Bien entendu Cary Grant manie la chute et le ridicule comme personne, mais le cinéaste l’utilise au meilleur de ses capacités, doublant cette élasticité flegmatique d’un mélange d’élégance séductrice et de sur-expressivité. Un peu trop oubliée aujourd’hui, Irène Dunne fait tout aussi bien avec ses mimiques charmantes et espiègles, voir frivoles. Cette sacrée vérité en passe énormément donc par les regards et les expressions appuyées qui viennent souligner la drôlerie communicative des situations autant qu’explorer de manière pertinente la manière dont fonctionne (ou dysfonctionne) leur couple. McCarey laisse fer l’art visuel (comme ce repas à quatre ou les regards passent de l’un à l’autre, de l’autre à l’un), appuie l’humour de répétition et étire les situations avec brio (toutes la dernière partie qui ne repose que sur une porte qui ne ferme pas), mais jamais uniquement pour le simple effet, toujours pour décortiquer cette relation chaotique, gentiment bordélique et aristocratiquement chaotique des deux époux. Du burlesque réfléchi et réflectif qui se double de dialogues toujours pointus, bourrés d’allusions et d’ironies, où l’on reconnait autant l’impertinence du théâtre de l’époque que le sens économique idéal dont McCarey avait déjà fait preuve sur les précédents L’extravagant Mr Ruggles et Place aux jeunes.
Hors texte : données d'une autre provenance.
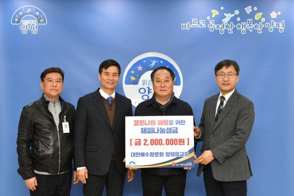 양평읍교회 심재학 목사는 “지역사회에 어려움이 있을 때 종교에서 먼저 나눔을 실천해야 된다고 생각한다”며 “우리가 기탁하는 성금이 코로나19 예방에 도움이 되었으면 좋겠다”고 소감을 전했다.
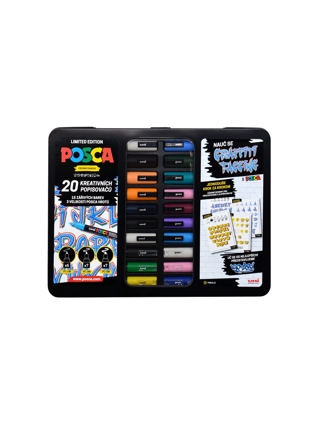 Limitovaná edice Posca Graffiti Tagging obsahuje 20 různobarevných popisovačů ve velikostech 1M, 3M a 5M, exkluzivní vzory od umělce SPZero, barevné návody dvou graffiti stylů a cvičné listy. Vše zabalené v praktické plechové krabičce, která je vhodná i jako dárkové balení. Obsahuje: 6ks PC-1M, 7ks PC-3M, 7ks PC-5M. Sytá barva, vynikající hustota. Vnitřní i venkovní použití. Po zaschnutí voděodolná. Vyrobeno v Japonsku.
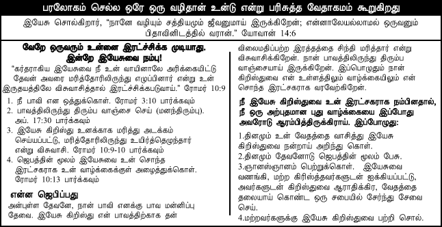 அந்தப்படியே: நீதிமான் ஒருவனாகிலும் இல்லை. உணர்;வுள்ளவன் இல்லை. தேவனைத் தேடுகிறவன் இல்லை. எல்லோரும் வழிதப்பி, ஏகமாய்க் கெட்டுப்போனார்;கள். நன்மைசெய்கிறவன் இல்லை, ஒருவனாகிலும் இல்லை. நாசமும் நிர்;ப்பந்தமும் அவர்;கள் வழிகளிலிருக்கிறது. சமாதான வழியை அவர்;கள் அறியாதிருக்கிறார்;கள். அவர்;கள் கண்களுக்கு முன்பாகத் தெய்வபயமில்லை, என்று எழுதியிருக்கிறதே.
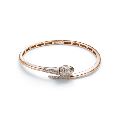Браслет с 15 бриллиантами природными, 0.11 карат, огранка круг 57 граней, цвет 3, чистота 6, тип огранки А; 67 бриллиантами природными, 0.24 карат, огранка круг 17 граней, цвет 2, чистота 3, тип огранки А; 2 изумрудами природными, 0.01 карат, цвет 3, чистота 3, тип огранки Б; Розовое золото 585 пробы.
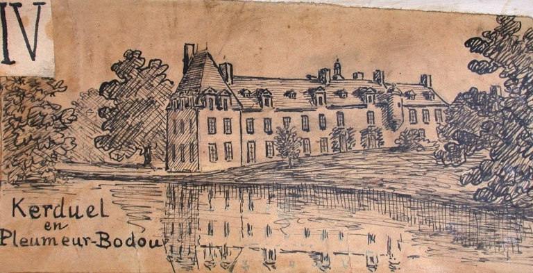 Vue générale du château de Kerduel d'après croquis réalisé par le vicomte Henri Frotier de La Messelière, 1ère moitié du 20ème siècle (AD 22)Immatriculation
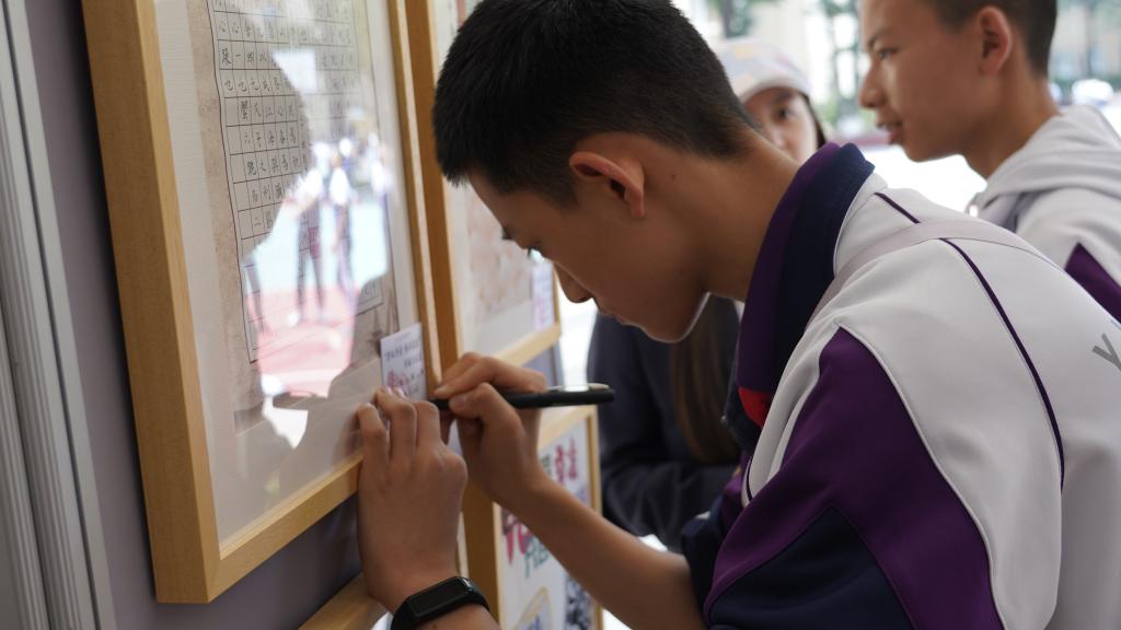 近日,yL23411永利官网登录实验中学校本部开展了“清风传家、 德润实验”书画作品征集活动,号召全校师生用书画作品的方式,介绍自己家庭的优良家风,诠释师大实验学子对清廉文化的学习和理解,引导广大学生树立正确的世界观、人生观、价值观。5月14日,学校将其中60幅作品装裱后在校园内进行展示,小作者们在收藏卡上庄重的签上了自己的名字,并积极向同学们介绍自己的家风和对清廉校园的理解。
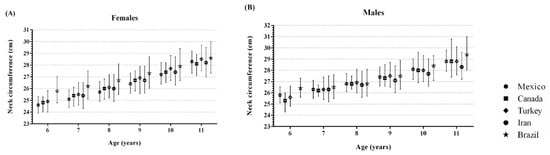 On the other hand, Coutinho’s report [34] on Brazilian children showed higher values at the 50th percentile compared to those in our study. This difference was more notable for girls 6–8 years of age (0.3–1.2 cm). For boys, the difference was less (0.1–0.6 cm). However, these percentiles were calculated based on children with NC values within ±3 SD. A graphical comparison between the 25th, 50th and 75th percentiles for NC data from the aforementioned countries is shown in Figure 2.

Une sacrée réussite, vive et inspirée, impeccablement rythmée où les petits désaccords de nos chers mariés sont d’autant plus attachants que leurs deux interprètes sont constamment au diapason. Vive les remariés !
Image
On retrouve ici manifestement la même restauration que pour l’éditeur américain Criterion. Soit un nouveau master conçu à partir d’un scan 4K d’un double nitrate et de différentes sources positives (les négatifs du film sont considérés comme définitivement perdus). L’ensemble a été nettoyé de fond en comble débarrassant l’image du moindre tremblement, segments manquants ou taches et autres griffures. Le résultat est forcément admirable, pointu avec une remise en avant des matières, du grain et des argentiques. On note cependant toujours quelques fluctuations des enchainements de transition et d’autres photogrammes plus flous ou neigeux. De menus défauts à cotés du petit miracle environnant.
Son
Performance équivalente pour les deux monos en présences. Là aussi un vrai rafraichissement a été effectué avec pour la version originale une restitution étonnement claire et ferme, et pour le doublage une distance plus marquée mais un écho typique de l’époque.
Interactivité
Retour du Mediabook pour un film du patrimoine mondial chez Wild Side Video. L’objet est magnifique avec un superbe visuel de couverture et toujours le livret piqué dans la reliure avec ici un ouvrage sur les coulisses signé Frédéric Albert Lévy.
Sur le disque bluray proprement dit, on découvre aussi deux suppléments vidéos enregistrés par Charlotte Garson de l’équipe des Cahier du cinéma. Dans le premier elle prend à cœur de redonner plus de visibilité à l’œuvre de Leo McCarey en revenant sur sa carrière et son style, alors que dans le second elle se consacre directement à Cette sacrée vérité. Une analyse de sa mécanique de la comédie, de sa vision du couple et de sa construction sémantique qui souligne une fois encore la richesse du ce petit bijou de drôlerie.
Liste des bonus
Le livret inédit « Je te quitte… Moi non plus » rédigé par Frédéric Albert Lévy (50 pages), « Leo McCarey ou le timing parfait » par Charlotte Garson, rédactrice en chef adjointe des Cahiers du Cinéma (22’), « Qui gardera le chien ? » : analyse du film par Charlotte Garson (32’).